Updated on: 10 February,2019 09:01 AM IST  | 
Meenakshi Shedde |

The Berlin film festival has always been an extraordinary festival by any account

Watching films in jail

Illustration/Uday Mohite

GuideI'm freezing here at the 69th Berlin International Film Festival, which runs from February 7-17. Temperatures run to minus one and below. But there is something I'm looking forward to and greatly hope it works out. I have put in a request to see a special screening of a Berlinale film from the Competition section, System Crasher by Nora Fingscheidt — to be screened inside the JVA Plötzensee penal institution, or jail. Fingscheidt, lead actress Helena Zengel, and producers Peter Hartwig, Jonas Weydemann and Frauke Kolbmüller will be present after the screening for a discussion with the audience.


The film, very aptly, is about a young girl, who is called a 'system crasher', because she breaks every rule in the book, and becomes impossible to manage — simply because she wants to be able to live with her mother again. By all accounts, it is a thoughtful film on how our society deals with what is deemed deviant or non-conformist behaviour.


The Berlin film festival has always been an extraordinary festival by any account. You may say I am biased working with them for 21 years as their India and South Asia Consultant. But even objectively, apart from showcasing first-class films from all over the world, its politics, and initiatives like this, set it apart. It has had film screenings in former graveyards, inside swimming pools, and now in a jail. It is always finding ways to engage with diverse communities. It has had initiatives for refugees, where refugees were invited to screenings via NGOs, and escorted to the screenings with volunteers who spoke their language, and eased them into these events, and made it a sort of picnic.

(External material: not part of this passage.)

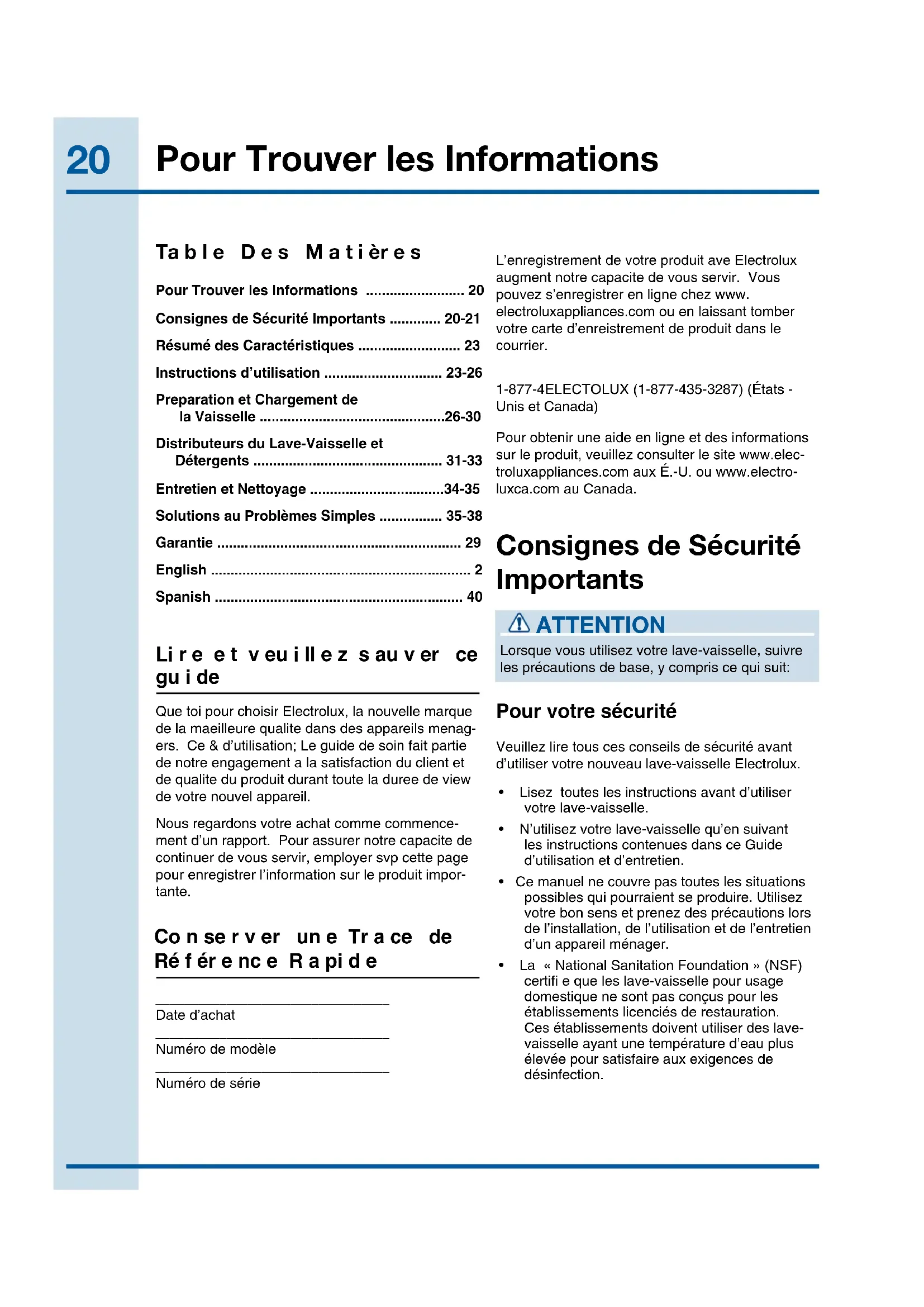 - Lisez toutes les instructions avant d’utiliser votre lave-vaisselle.• N’utilisez votre lave-vaisselle qu’en suivant les instructions contenues dans ce Guide d’utilisation et d’entretien.• Ce manuel ne couvre pas toutes les situations possibles qui pourraient se produire. Utilisez votre bon sens et prenez des précautions lors de l’installation, de l’utilisation et de l’entretien d’un appareil ménager.• La « National Sanitation Foundation » (NSF) certifi e que les lave-vaisselle pour usage domestique ne sont pas conçus pour les établissements licenciés de restauration. Ces établissements doivent utiliser des lave-vaisselle ayant une température d’eau plus élevée pour satisfaire aux exigences de désinfection. Pour votre sécurité21 Consignes de Sécurité Importants

The prison screening is part of a 2010 initiative called Berlinale Goes Kiez (Berlinale Comes to your Neighbourhood) that has brought the festival to the art-house cinemas of the city and suburbs. It encourages art-house cinemas, and honours those who run them. On seven evenings, the red carpet team moves from one Berlin neighbourhood to another; and the cinemas and their audiences are the stars of the festival. International film guests also get a glimpse into the local cinema landscape and can directly interact with local audiences.

Some of the most exhilarating film screenings I have ever been to in my life have been at Berlin. One year, I attended a film screening inside a swimming pool. Yes, you read right. We had to change into swimsuits and enter a pool: you were given inflatable armbands if you couldn't swim; film images were projected on the dome of the pool and you could hear the sound only if your ears were immersed in the water. Sooo Berlin!

A number of the film screenings, including some current Berlinale films in the Forum Expanded section, is held in a former graveyard. Yes, again, you read right. It is called the Silent Green Kulturquartier. After a certain number of years, when the buried bodies are understood to have turned to dust, the graveyard is formally decommissioned, so to speak, and now is a lively arts centre of the city. Can you even imagine this in India?